Unterdessen erwachte Alva aus der Bewusstlosigkeit. Die Menschen hatten sie liegen gelassen, wo sie gefallen war und sich nicht weiter für sie interessiert. Sie setzte sich auf, blickte sich um und sah Elisar auf den Knien mit einem Messer an der Kehle. Er bettelte nicht um sein Leben, denn der Mann hätte es ohnehin nicht verschont. Stattdessen sah Elisar zu Alva hinüber, der die Tränen in die Augen schossen. Sie hatten ein schönes Leben vor sich gehabt. Sie hätten zusammen alt werden können, Kinder bekommen und sich irgendwo ein Haus bauen können. Doch stattdessen waren sie einer rätselhaften Auftragsbeschreibung gefolgt, ohne zu wissen, wohin sie das führen würde. Wären sie doch nur nie nach England gegangen. Alva stand auf und machte ein paar Schritte auf Elisar zu, doch das zog nur die Aufmerksamkeit der Menschen zurück auf sie.

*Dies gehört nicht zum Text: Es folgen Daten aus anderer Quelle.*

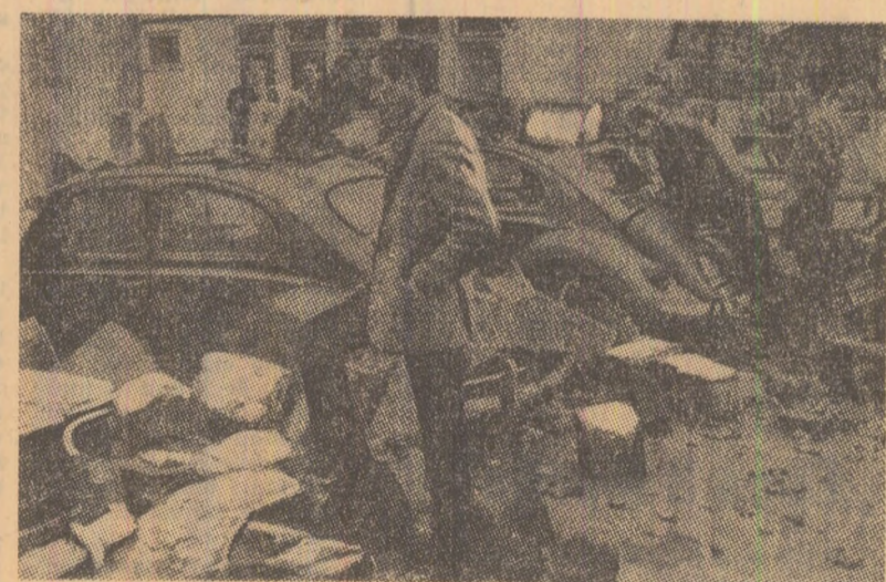
Frankfurt pe Main. Automobile avariate în urma prăbușirii unui zid sub presiunea furtunii

● Vănturile strîmte de vînt pe ambele maluri ale Atlanticului au atîns o înălțime între 2,65—2,75 metri. Nu departe de coastele insulei Newfoundland a fost zărită epava vasului de pescuit „Polly and Robby”, dat dispărut de citeva zile.

Elisar schüttelte den Kopf und bat: „Lauf weg, Jiri. Lauf und bring dich in Sicherheit.“
Alva warf einen Blick auf die Menschen, welche um Elisar herum standen. Sie beobachteten Alva genau und waren bereit, zuzuschlagen. Alva wollte Elisar nicht zurücklassen, doch sie hatte keine Wahl. Sie konnte ihn nicht retten, denn im nächsten Moment schnitt der Mann Elisar die Kehle durch. Ein verzweifeltes Schluchzen entfuhr Alva, bevor sie zurück ins Haus rannte und einen neuen Illusionszauber sprach. Zuvor hatte sie den Angreifern eine Vielzahl von sich selbst gezeigt, doch dieses Mal versteckte sie sich vor ihnen.
„Komm raus und zeig dich!“, rief einer der Männer von draußen.
Alva folgte seiner Aufforderung und verließ das Haus wieder durch die Eingangstür, doch niemand nahm sie wahr. In ihren Augen war sie unsichtbar. Sie lief geradewegs an ihnen vorbei, bis hin zu Elisar, der regungslos am Boden lag, während die Menschen weiterhin das leere Haus anbrüllten. Sie kniete sich neben Elisar und Tränen liefen über ihre Wange. Sie hatte ihn wirklich geliebt, doch nun war er tot. Sie beugte sich zu ihm hinunter und gab ihm einen letzten Kuss, bevor sie aufstand und ging.
Alva verließ die Anderswelt nie wieder für einen Auftrag für die Menschen, denn sie hatte gelernt, wie gefährlich es war. Sie versuchte, andere zu warnen, doch nur die wenigsten hörten auf sie. Sie behielt Elisar immer in Erinnerung und hielt den Ring, den er ihr gegeben hatte, in Ehren, doch für die meisten anderen, war er ein Niemand gewesen und geriet schnell in Vergessenheit.